To do ▸
What are the lines from the top of the entries below through the line containing "大胆なアシンメトリーとフリル"? Return them exactly, both ends included, without the pictures.

Data listing below:

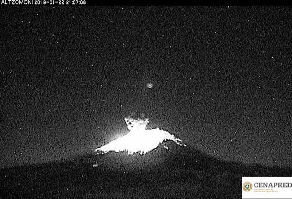 A strong explosion took place at Popocatepetl at 21:06 (local time) on January 22nd, 2019. The volcano ejected incandescent materials as far as 2 km on its slopes. The Washington VAAC indicated that the ash plume generated by the explosion reached a height of about 7 km above sea level.
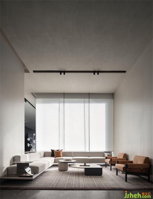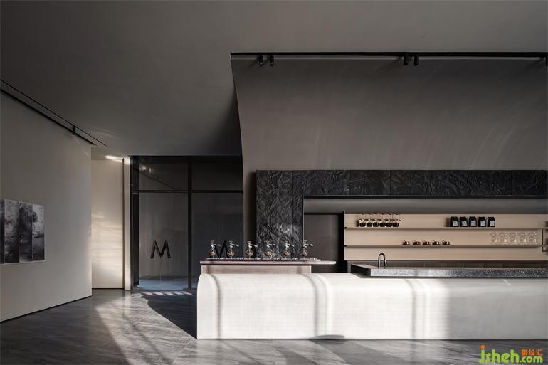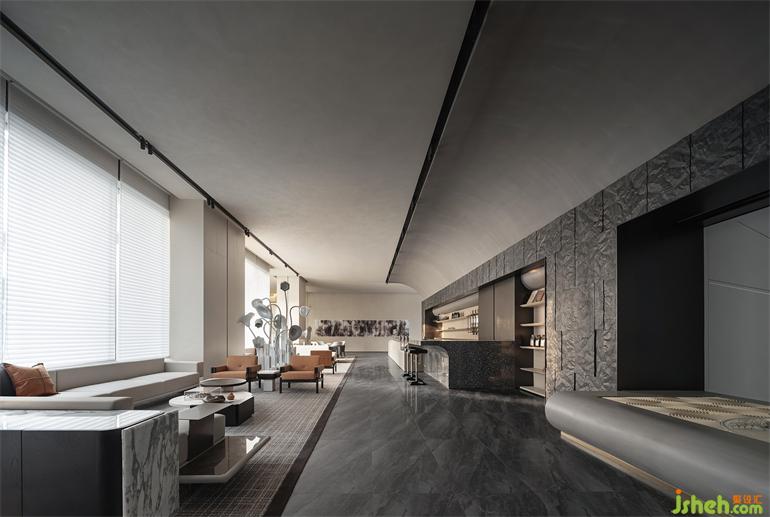 銷售中心設計從灰色的前廳進入,整個空間平面疏朗平緩,區(qū)域的形成并不依賴確定性的邊界,更多是由空間的場景感所引導。
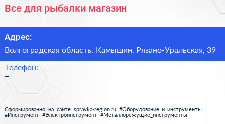 Все для рыбалки, магазин по адресу Волгоградская область, Камышин, Рязано-Уральская, 39 в дальнейшем Организация, размещена в следующих категориях:
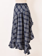 大胆なアシンメトリーとフリルデザインがポイントの、チェック柄ロングスカート。片脚を思いっきり見せるデザインで、ブーツと組み合わせたり他のボトムスとレイヤードするのもおすすめ。プレッピーがチェック柄で、コーデにも馴染みやすい一着です。裏地はパンツのペチコートになっています。
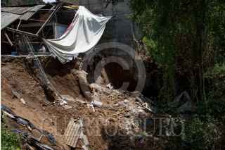 CIUDAD DE MÉXICO, 12JULIO2023.- Se registró un deslave de tierra en la parte trasera de una comercializadora de materiales en la colonia Huayatla de la alcaldoa Magdalena Contreras esto debido a las intensas lluvias y fuertes vientos registrados en la capital del país. FOTO: ROGELIO MORALES /CUARTOSCURO.COM
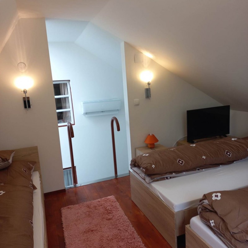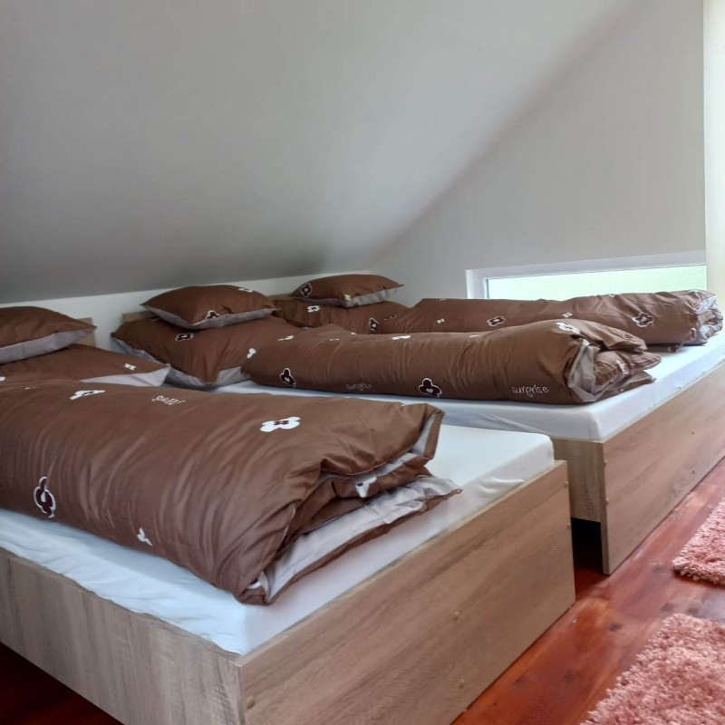 Egy új bővítés keretében 2023 májustól már +3 szobával és még egy fürdőszobával kibővültem fogadjuk vendégeinket. Ennek értelmében az új földszinti szobák 1-1db 2 fős franciaággyal és igény esetén szobánként +1-1 pótággyal állnak a vendégeink rendelkezésére. Az új szobák feletti galéria 1db franciaággyal, és 2db heverővel újabb 4 főnek ad szálláslehetőséget. (max 9fő az új részlegen) Az új szobák LED okos TV-vel és elektromos fűtőpanelekkel felszereltek. Nyári hűtésükről a közlekedőben felszerelt hűtő-fűtő klíma gondoskodik.
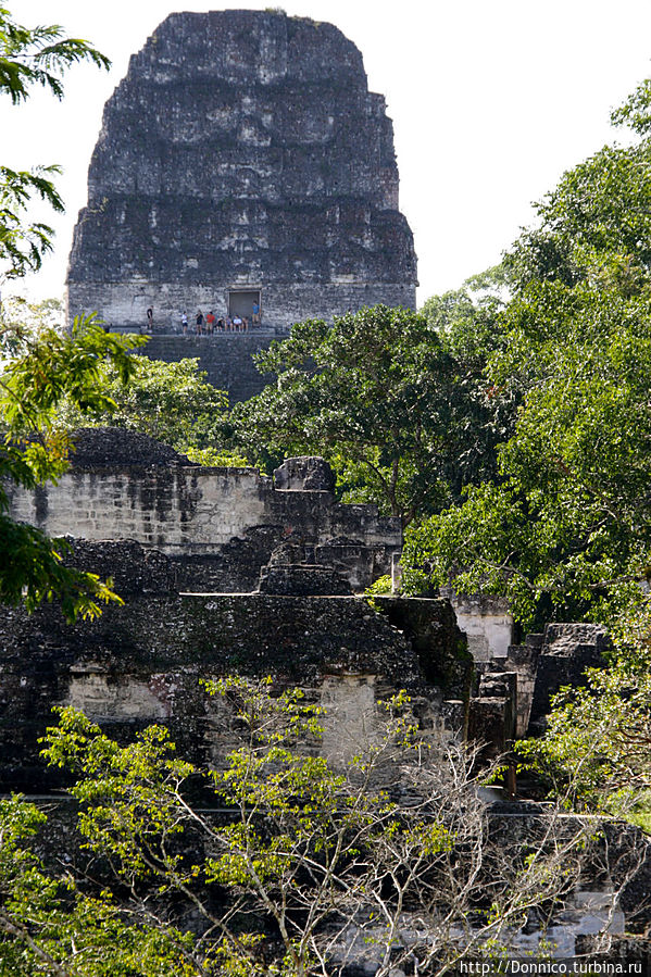 На Храм III тоже подняться нельзя, а вот на Храм IV, самый высокий высотой 70 метров, можно. Вот он здесь виден издалека сквозь джунгли.
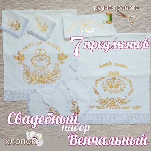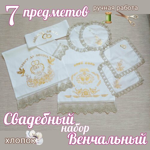 Венчальный набор свадебный рушник " Хлеб Соль"белое золото, 7 предметов: 3 рушника, 4 салфетки
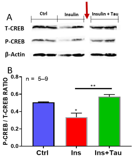 3.4. Effect of Long-Term Treatment with Insulin and Insulin + Taurine on the Ratio of pCREB/tCREB
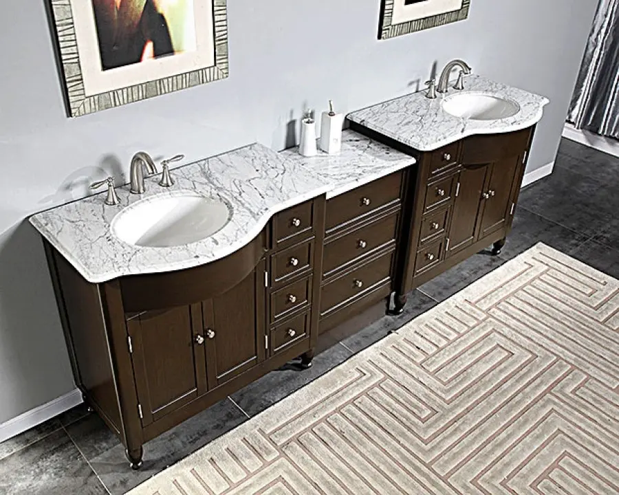 Let’s say your plumbing is misaligned, your dimensions are odd, or something else. In that scenario, think about a bespoke build. However, anything between 48 and 84 inches will provide you with the room you need for two basins.
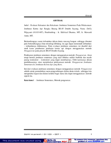 Wijayanti, Deffy (2007) EVALUASI KEKUATAN DAN KEKAKUAN JEMBATAN SEMENTARA PADA PELAKSANAAN JEMBATAN KERETA API RANGKA BATANG BS.05 DOMBO SAYUNG. S1 thesis, Universitas Mercu Buana.

End of Data listing.

Solved problem ▸
 A strong explosion took place at Popocatepetl at 21:06 (local time) on January 22nd, 2019. The volcano ejected incandescent materials as far as 2 km on its slopes. The Washington VAAC indicated that the ash plume generated by the explosion reached a height of about 7 km above sea level.
 銷售中心設計從灰色的前廳進入,整個空間平面疏朗平緩,區(qū)域的形成并不依賴確定性的邊界,更多是由空間的場景感所引導。
 Все для рыбалки, магазин по адресу Волгоградская область, Камышин, Рязано-Уральская, 39 в дальнейшем Организация, размещена в следующих категориях:
 大胆なアシンメトリーとフリルデザインがポイントの、チェック柄ロングスカート。片脚を思いっきり見せるデザインで、ブーツと組み合わせたり他のボトムスとレイヤードするのもおすすめ。プレッピーがチェック柄で、コーデにも馴染みやすい一着です。裏地はパンツのペチコートになっています。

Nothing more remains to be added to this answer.